Supplied material:
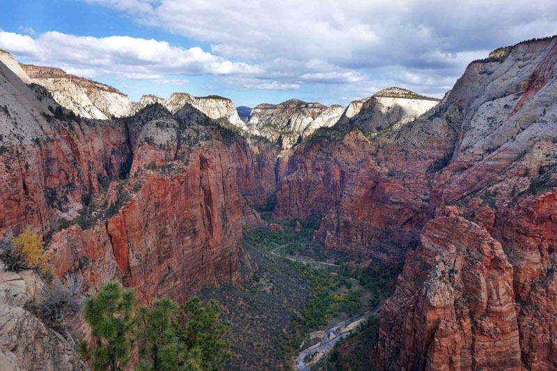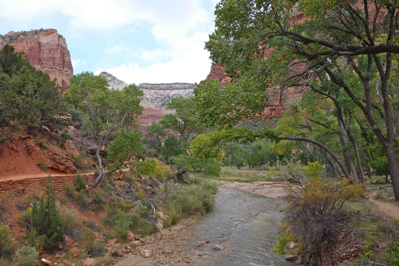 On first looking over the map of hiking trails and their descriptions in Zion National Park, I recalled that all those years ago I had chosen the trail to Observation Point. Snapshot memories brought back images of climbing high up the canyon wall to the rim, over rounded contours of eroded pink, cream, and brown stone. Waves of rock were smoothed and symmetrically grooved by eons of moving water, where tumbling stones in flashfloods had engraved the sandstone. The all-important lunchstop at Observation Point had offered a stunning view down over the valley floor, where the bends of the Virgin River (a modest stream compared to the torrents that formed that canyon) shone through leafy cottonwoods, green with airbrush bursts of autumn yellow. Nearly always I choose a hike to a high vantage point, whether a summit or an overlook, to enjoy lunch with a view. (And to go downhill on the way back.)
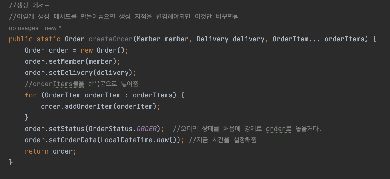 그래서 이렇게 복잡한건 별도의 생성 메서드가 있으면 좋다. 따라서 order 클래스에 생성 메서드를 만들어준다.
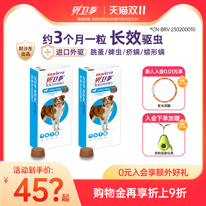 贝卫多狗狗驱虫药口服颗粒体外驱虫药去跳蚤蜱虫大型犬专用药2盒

--

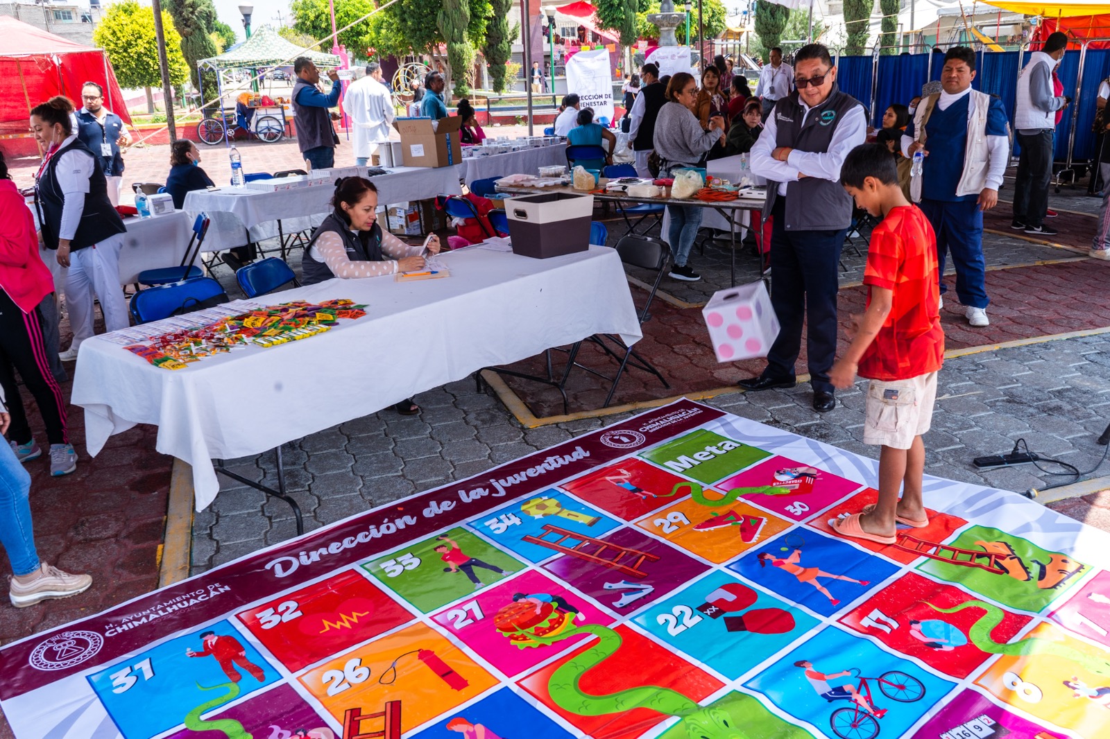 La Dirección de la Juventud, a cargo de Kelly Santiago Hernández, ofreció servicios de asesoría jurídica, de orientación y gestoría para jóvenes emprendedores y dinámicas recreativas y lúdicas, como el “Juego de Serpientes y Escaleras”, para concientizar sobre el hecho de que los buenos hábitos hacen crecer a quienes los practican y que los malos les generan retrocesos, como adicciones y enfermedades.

* * *

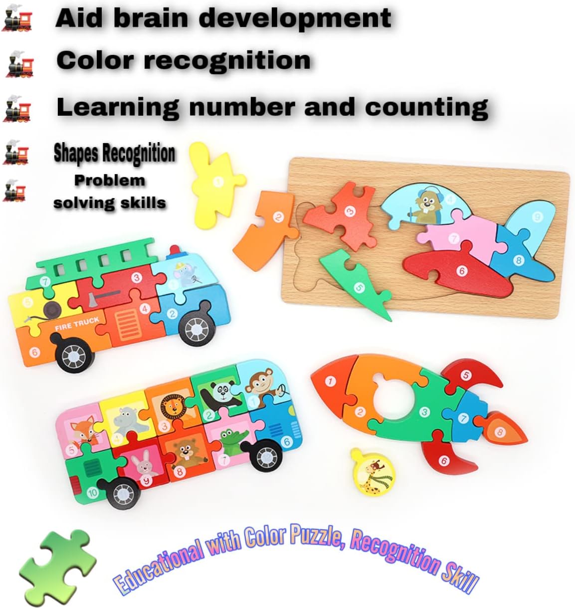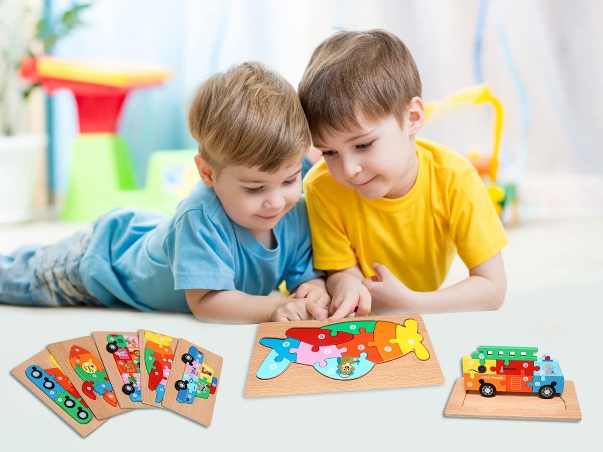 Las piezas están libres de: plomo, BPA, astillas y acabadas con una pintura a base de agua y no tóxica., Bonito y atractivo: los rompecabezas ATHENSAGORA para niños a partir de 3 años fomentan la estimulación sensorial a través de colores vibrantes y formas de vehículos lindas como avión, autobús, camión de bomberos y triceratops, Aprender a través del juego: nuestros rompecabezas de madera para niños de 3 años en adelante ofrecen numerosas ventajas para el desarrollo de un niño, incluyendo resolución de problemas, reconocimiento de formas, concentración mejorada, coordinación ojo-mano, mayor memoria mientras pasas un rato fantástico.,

What is being asked:
Leaving out each picture, repeat exactly the lines above from the one that contains "그래서 이렇게 복잡한건" through the one that contains "贝卫多狗狗驱虫药口服颗粒体外驱虫药去跳蚤蜱虫大型犬专用药2盒".

Response to the task:
 그래서 이렇게 복잡한건 별도의 생성 메서드가 있으면 좋다. 따라서 order 클래스에 생성 메서드를 만들어준다.
 贝卫多狗狗驱虫药口服颗粒体外驱虫药去跳蚤蜱虫大型犬专用药2盒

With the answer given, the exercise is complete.